In a recent three-year trial, 500 micrograms a day of vitamin K slowed the onset of insulin resistance in elderly men, but not in women. But there may be a good explanation for that.

Insulin is a hormone which transports sugar into cells, where the sugar is converted into energy. In people with type 2 diabetes, insulin performs this function less effectively. The insulin is still there, it just doesn't work as well. This causes an increase in blood sugar and is termed "insulin resistance." As people age, diabetic or not, their insulin resistance tends to rise.

Foods richest in vitamin K are dark-green leafy vegetables (kale, spinach and collard greens) and cruciferous vegetables (brussels sprouts and broccoli).

In a study of 355 non-diabetic men and women, aged 60 to 80, vitamin K significantly slowed this rise in men, but not in women. At the study's end, in addition to improved insulin resistance, the men who took vitamin K also had lower blood insulin levels than men who took no vitamin K. A rise in blood insulin is often a sign of increased insulin resistance, as the body tries to compensate for the reduced effectiveness of the insulin by producing more of it. A high enough insulin resistance can cause blood sugar to rise to a diabetic level.

There has been little previous research into the relationship between vitamin K and insulin; this particular study was originally designed to test the effect of vitamin K on bone mineral density.

The currently recommended intake of vitamin K is 130 micrograms daily for men aged 19-70 and 90 micrograms for women aged 19-70. The study participants who received vitamin K received it as a 500 microgram dietary supplement. The study authors point out that this amount can also be obtained from eating a diet rich in vitamin K. Foods richest in vitamin K are dark-green leafy vegetables (kale, spinach and collard greens) and cruciferous vegetables (brussels sprouts and broccoli).

The authors also point out that the results were from a sample group of elderly adults, most of whom were Caucasian, and thus may not apply to the general populace. A possible explanation for the lack of effect of vitamin K seen on women has to do with the fact that any of the women in the study were obese or overweight. Vitamin K is a fat-soluble vitamin, and in the presence of excess fat there may be less vitamin K circulating in the bloodstream.

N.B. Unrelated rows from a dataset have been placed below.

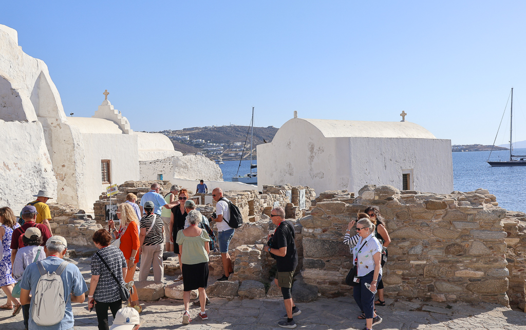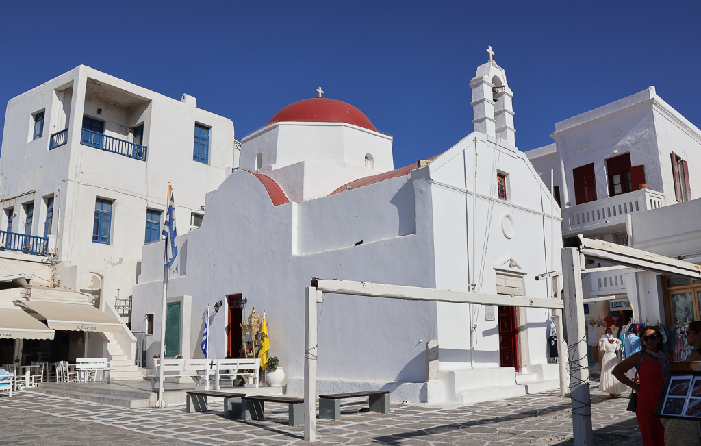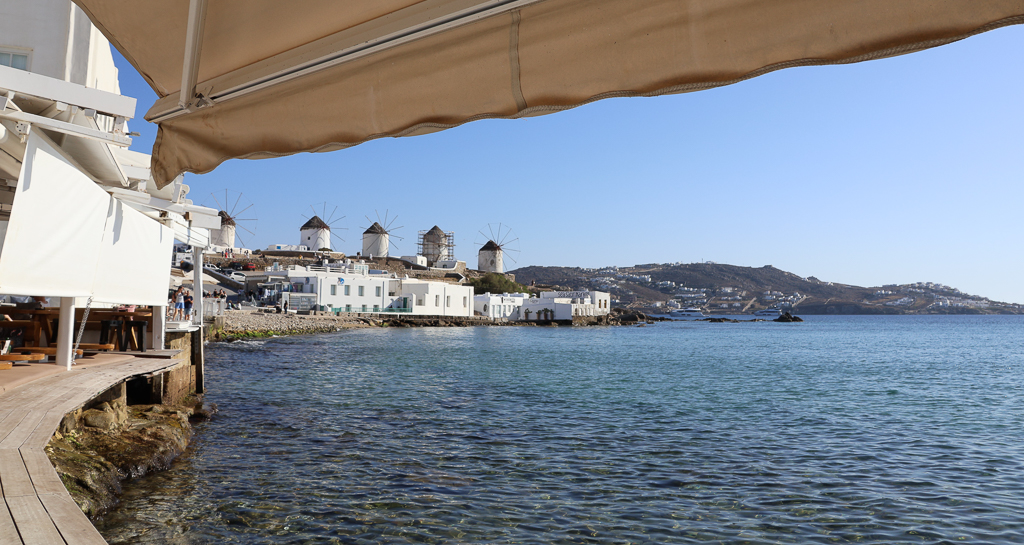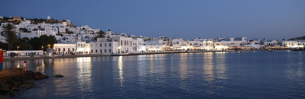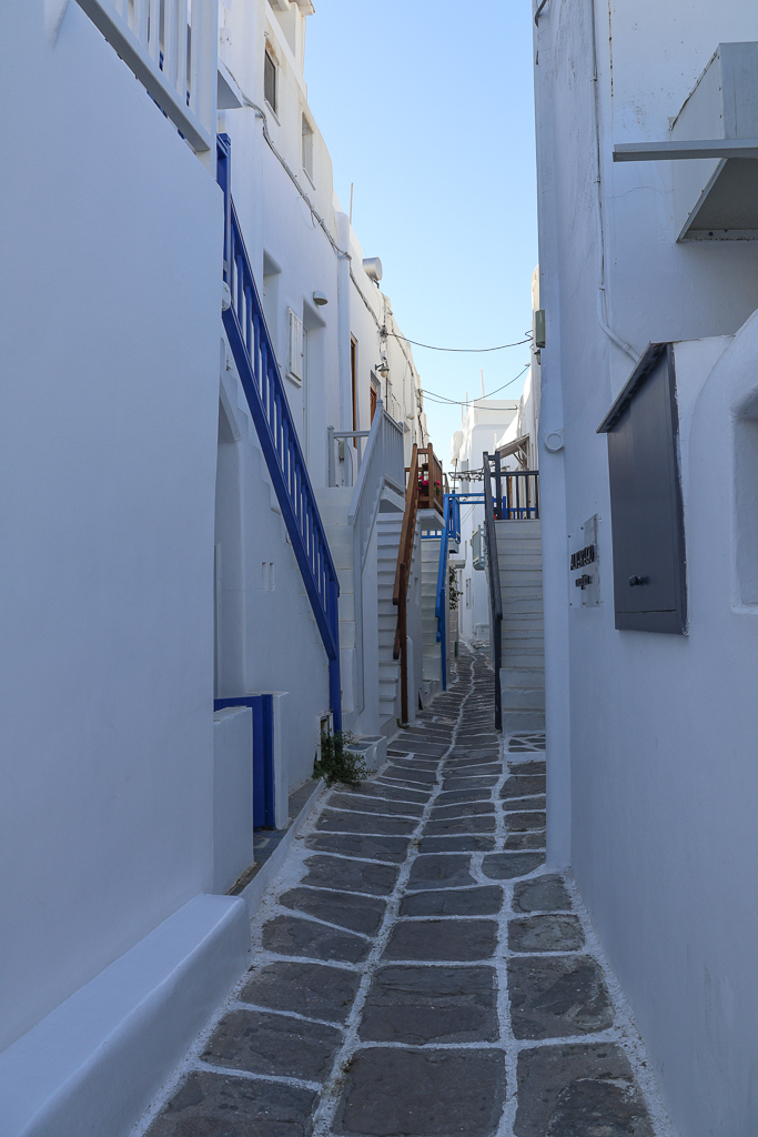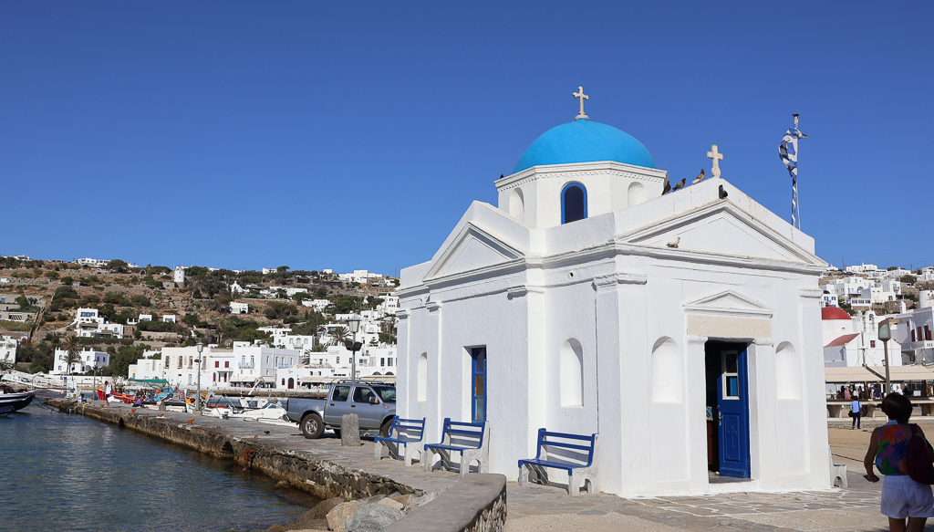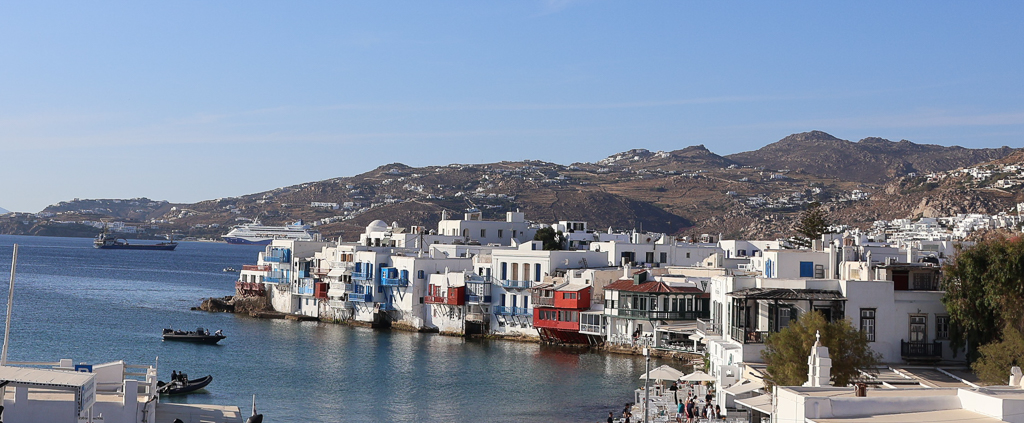 미코노스는 아테네에서 남동쪽으로 약 93 mi (150 Km) 떨어져 있는 섬이며 그 섬에서 가장 큰 도시의 이름이기도 하다. 도시 미코노스를 현지인들은 초라(Chora, 또는 호라 Hora)리고 부르기도 한다. 에게해에 형성된 시클르디즈(Cyclades, 그리스어 Κυκλάδες의 발음은 ‘키클라데스’에 가깝다) 제도에 속하는 섬으로 면적은 33 mi2 (85.5 Km2)로 한국의 완도(90.1 Km2)보다 조금 작다. 그리스 신화에 의하면 아폴로의 아들(또는 손자) 미코노스가 이 섬을 최초로 통치하여 그의 이름을 따서 섬 이름을 붙였다 한다. 또한 미코노스에 있는 바위들은 제우스와 거인들 간의 싸움(Gigantomachy)에서 제우스가 죽인 거인들이 석화된 것이라고 한다. 미코노스에는 기원전 11세기경부터 사람이 살았던 것으로 알려져 있다. 그러나 섬 전체가 화강암으로 이루어져 있고 빗물을 제외하고는 민물의 근원이 전혀 없어 사람이 살기에는 척박한 땅이다. 그럼에도 불구하고 에게해와 지중해를 항해하는 배들이 폭풍을 피하거나 쉬어 가기에 적당한 곳으로 로마, 비잔틴, 베니스, 오토만 등의 영향력과 지배를 받아왔다. 19세기초 오토만 제국에 항거한 그리스 혁명 당시 귀부인 Manto Mavrogenous가 미코노스를 근거지로 사재를 털어 독립군을 지원하였고 그리스가 독립을 쟁취하는데 큰 기여를 하였다. 미코노스 도심에 그의 이름을 딴 광장이 있고 그 곳에 그의 흉상이 있다. 1960년대부터 미코노스는 관광지로 부상하기 시작하였고 이제는 그리스에서 가장 비싼 관광도시가 되었다. 민물공급을 위하여 담수시설을 세웠지만 이번에 써보니 수질이 좋지 않아 양치질 후에도 찝찔한 맛이 입안에 남아 식수로는 전혀 적합하지 않다.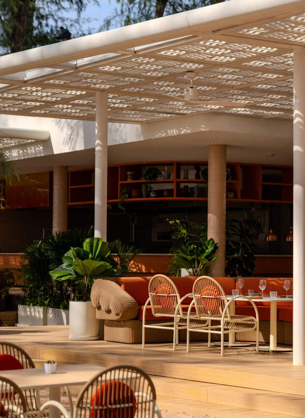 Белоснежные перголы, увитые бугенвиллией, создадут тенистые уголки для потягивания коктейлей и неспешных бесед, а на зеленой лужайке, окружающей зону бассейна, гостей ждут шезлонги цвета корицы, куда прямиком доставят фирменные блюда и коктейли.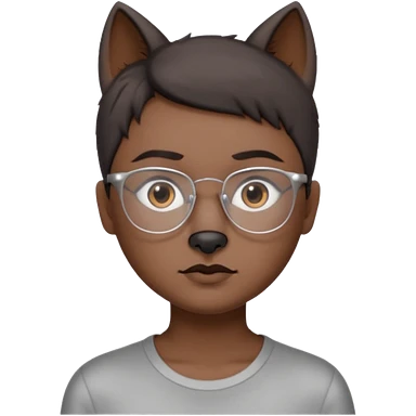 personagem com Wolf cut curto, cabelo castanho escuro, olho castanho escuro, sombrancelha castanho escuro, óculos sem aro prata. emoji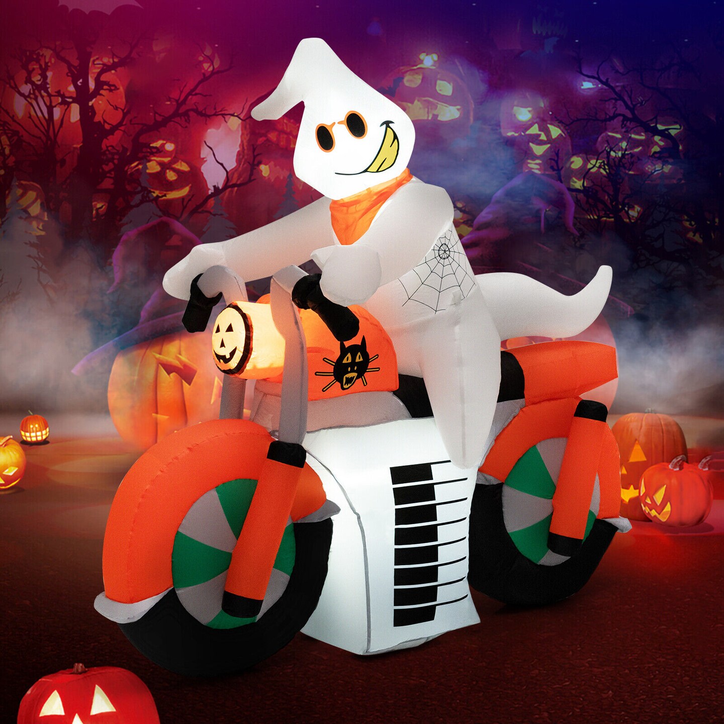 5 Feet Halloween Inflatable Ghost Riding on Motor Bike with LED Lights
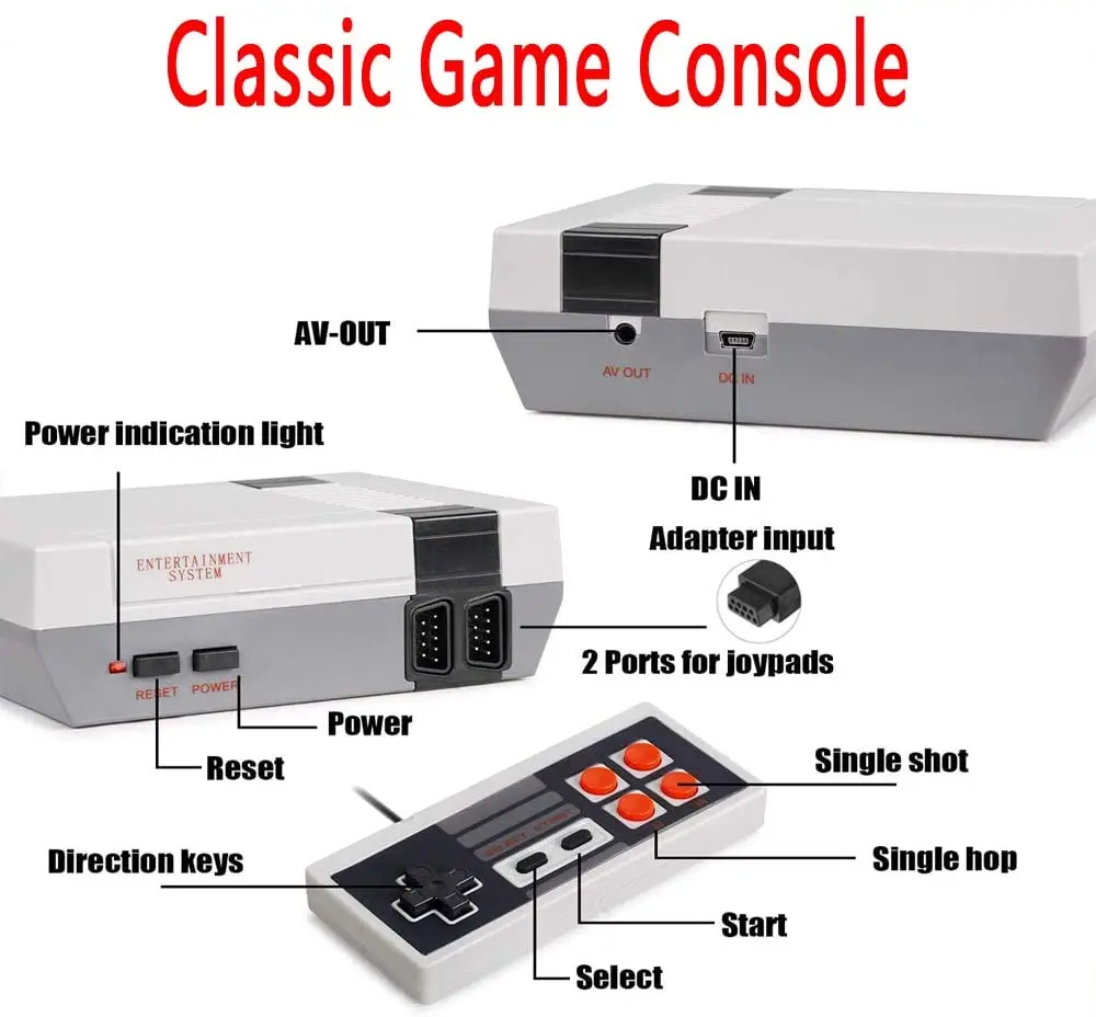 Классическая игровая машина, Оживите хорошие времена. Две игровые ручки, чтобы играть с семьей и друзьями. Встроенные 620 классических игр для вас. (Встроенная игровая консоль 620 имеет несколько дубликатов игр, пожалуйста, прочитайте это заявление перед покупкой, спасибо.)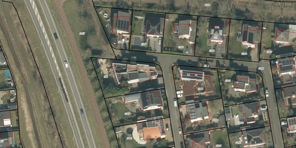 Het perceel waarop Zilvervlek 25-A staat heeft een oppervlakte van 976 m². Dit is een groot perceel. De perceeloppervlakte wordt geregistreerd door het Kadaster. Gedetailleerde informatie over de maten van dit perceel kunt u vinden in het rapport Kadastrale kaart met maatvoering van Zilvervlek 25-A.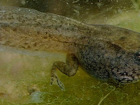 Die Kiemenfußkrebse (Anostraca ) sind evolutionsgeschichtlich die ältesten Krebse in Mitteleuropa. Sie haben keine Schale, aber 11 Blattbeinpaare, gestielte Augen und schwimmen auf dem Rücken. Es gibt nur wenige Arten, und sie sind recht selten. Die häufigste Art in unseren Gewässern ist der Frühjahrskiemenfuß (Siphonophanes grubei ). Er ist grünlich bis bläulich gefärbt, und man findet ihn eher in Tümpeln als in Seen. Er legt seine Eier im Schlamm ab, wo sie jahrelange Trockenheit überdauern können und erst schlüpfen, sobald wieder Wasser in den Tümpel kommt.
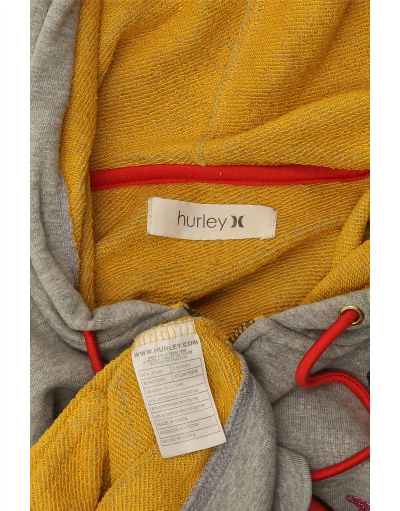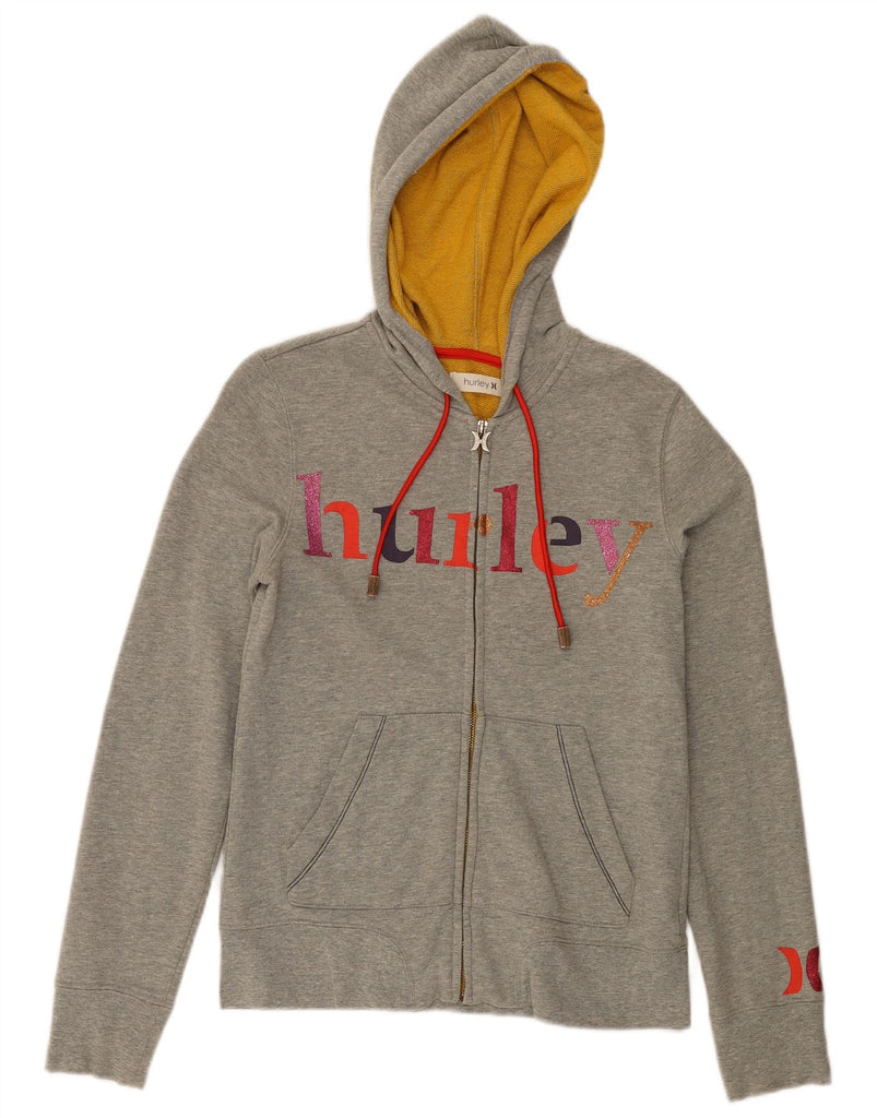 HURLEY Girls Graphic Zip Hoodie Sweater 11-12 Years Grey Cotton

Vitamin K is instrumental in the blood clotting process and strongly interferes with the action of blood thinning medications such as warfarin (Coumadin®). Anyone taking this type of medication should not attempt to alter their vitamin K consumption without first discussing it with their doctor.

The study participants were advised to maintain their usual diets and to avoid taking dietary supplements other than those provided to them by the study team. All participants received a multivitamin supplement, to be taken daily. The control group's supplement contained no vitamin K, while the experimental group's supplement contained 500 micrograms of vitamin K. All participants also received a second daily supplement containing calcium and vitamin D. Blood samples were taken and analyzed six and 36 months into the study.

The research was conducted at the Jean Mayer Human Nutrition Research Center on Aging at Tufts University. The study results were published in the November 2008 issue of Diabetes Care.